9 "Next I want you to take wheat and barley, beans and lentils, dried millet and spelt, and mix them in a bowl to make a flat bread. This is your food ration for the 390 days you lie on your side. 10 Measure out about half a pound for each day and eat it on schedule. 11 Also measure out your daily ration of about a pint of water and drink it on schedule. 12 Eat the bread as you would a muffin. Bake the muffins out in the open where everyone can see you, using dried human dung for fuel." 13 God said, "This is what the people of Israel are going to do: Among the pagan nations where I will drive them, they will eat foods that are strictly taboo to a holy people." 14 I said, "God, my Master! Never! I've never contaminated myself with food like that. Since my youth I've never eaten anything forbidden by law, nothing found dead or violated by wild animals. I've never taken a single bite of forbidden food." 15 "All right," he said. "I'll let you bake your bread over cow dung instead of human dung." 16 Then he said to me, "Son of man, I'm going to cut off all food from Jerusalem. The people will live on starvation rations, worrying where the next meal's coming from, scrounging for the next drink of water. 17 Famine conditions. People will look at one another, see nothing but skin and bones, and shake their heads. This is what sin does."

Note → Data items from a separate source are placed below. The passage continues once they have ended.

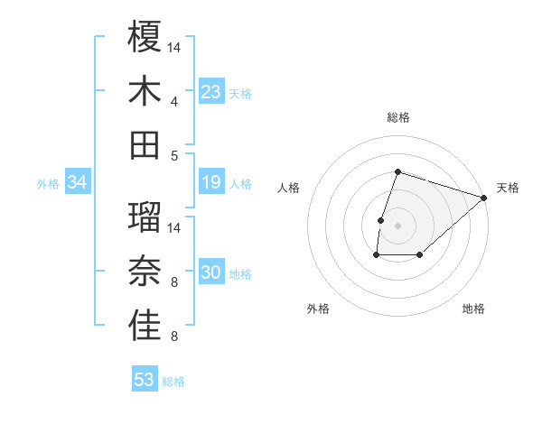 榎木田 瑠奈佳さんの天格は23画の5点!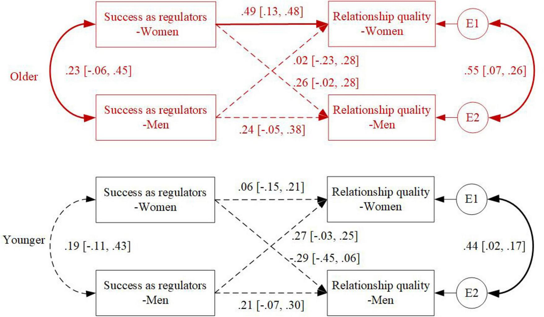 Regarding age differences in the associations between perceived success as regulators and relationship quality, MGA revealed that the actor effects between women’s perceived success as regulators and their own relationship quality were more significant for older couples than for younger couples (2loge(BF) = 8.54; Older: β = 0.49, 95% CI [0.13, 0.48]; Younger: β = 0.06, 95% CI [−0.15, 0.21]), in line with H5 (see Figure 2).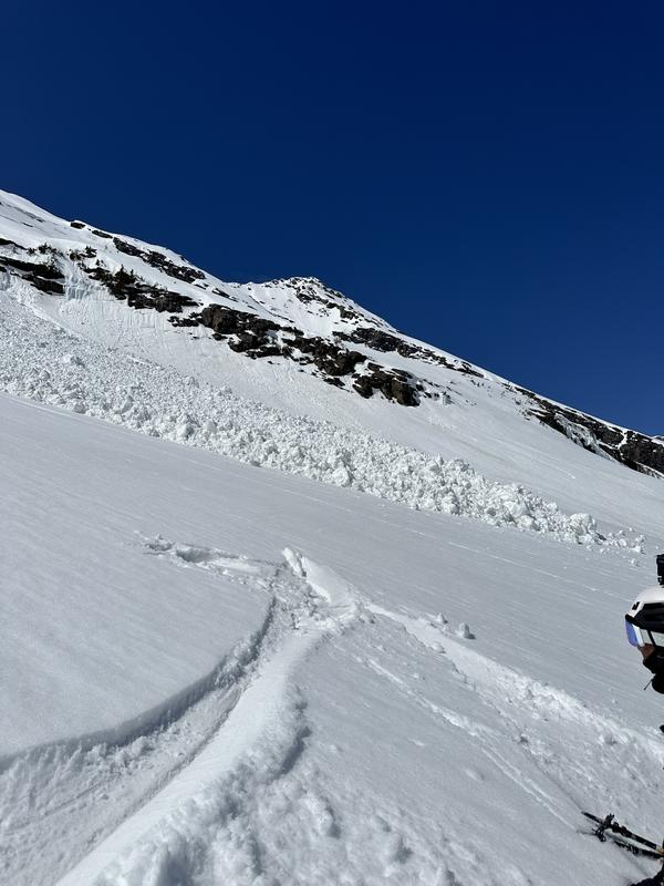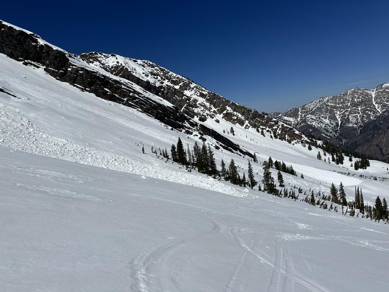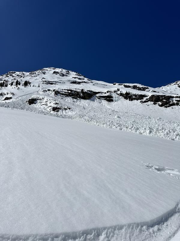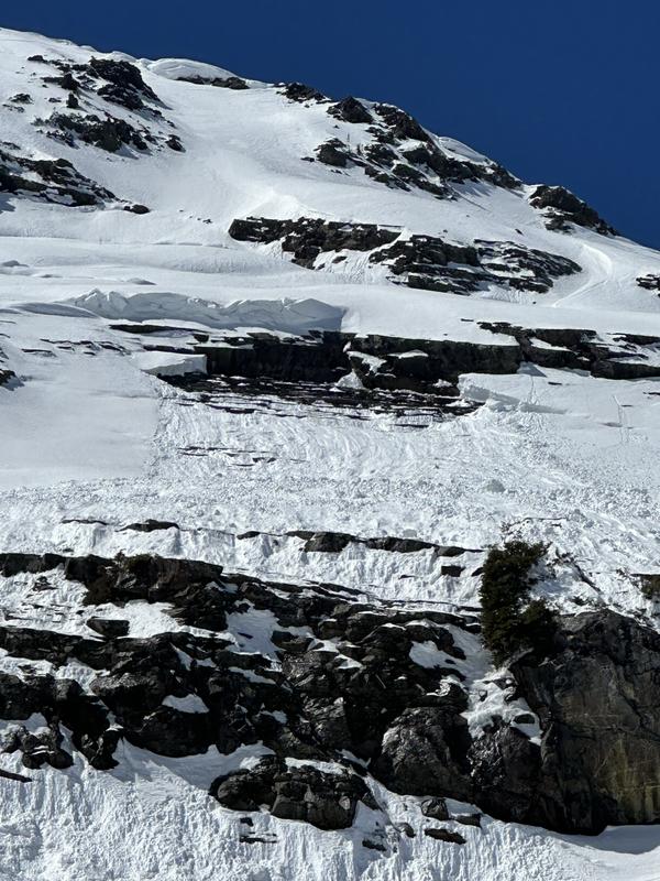 As expected, Broads Fork is starting to fall apart from glide avalanches. Went up Twins early Saturday morning, and saw the debris from at least 3 massive glide avalanches from the northeast face of Twins, to the northeast face of Bonkers. These are full releases of multiple feet of snow/ice from the rock faces. Not sure when they occurred.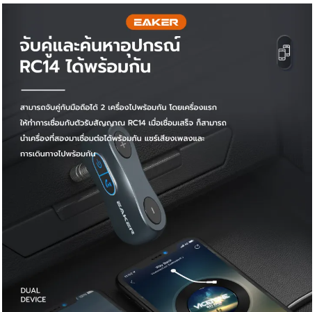 ข้อมูลเฉพาะของ EAKER FM Car Kit Bluetooth Receiver ตัวรับสัญญาณบลูทูธ บลูทูธติดรถยนต์ คอมผ่านช่องAUX/TF Card ฟังเพลงจากมือถือผ่านระบบไร้สาย ระบบเสียงสเตอริโอ รุ่น RC14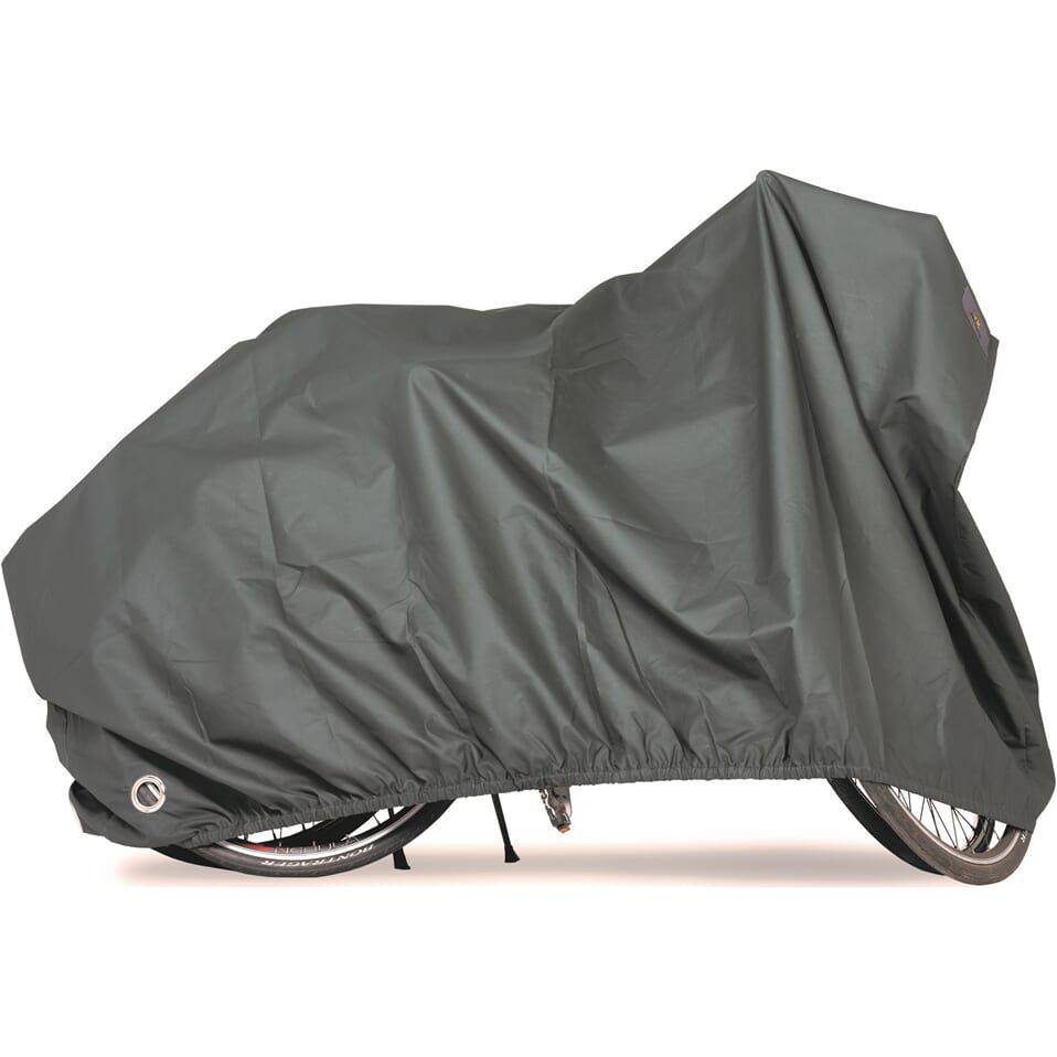VK Fietsbeschermhoes Re-cover Duo 130x250 forest green, uitgevoerd met grote ringen voor een kabelslot, en gemaakt van gecertificeerd gerecycled polyester.

Matthew Henry's Commentary on Ezekiel 4:9-17

Commentary on Ezekiel 4:9-17

(Read Ezekiel 4:9-17)

The bread which was Ezekiel's support, was to be made of coarse grain and pulse mixed together, seldom used except in times of urgent scarcity, and of this he was only to take a small quantity. Thus was figured the extremity to which the Jews were to be reduced during the siege and captivity. Ezekiel does not plead, Lord, from my youth I have been brought up delicately, and never used to any thing like this; but that he had been brought up conscientiously, and never had eaten any thing forbidden by the law. It will be comfortable when we are brought to suffer hardships, if our hearts can witness that we have always been careful to keep even from the appearance of evil. See what woful work sin makes, and acknowledge the righteousness of God herein. Their plenty having been abused to luxury and excess, they were justly punished by famine. When men serve not God with cheerfulness in the abundance of all things, God will make them serve their enemies in the want of all things.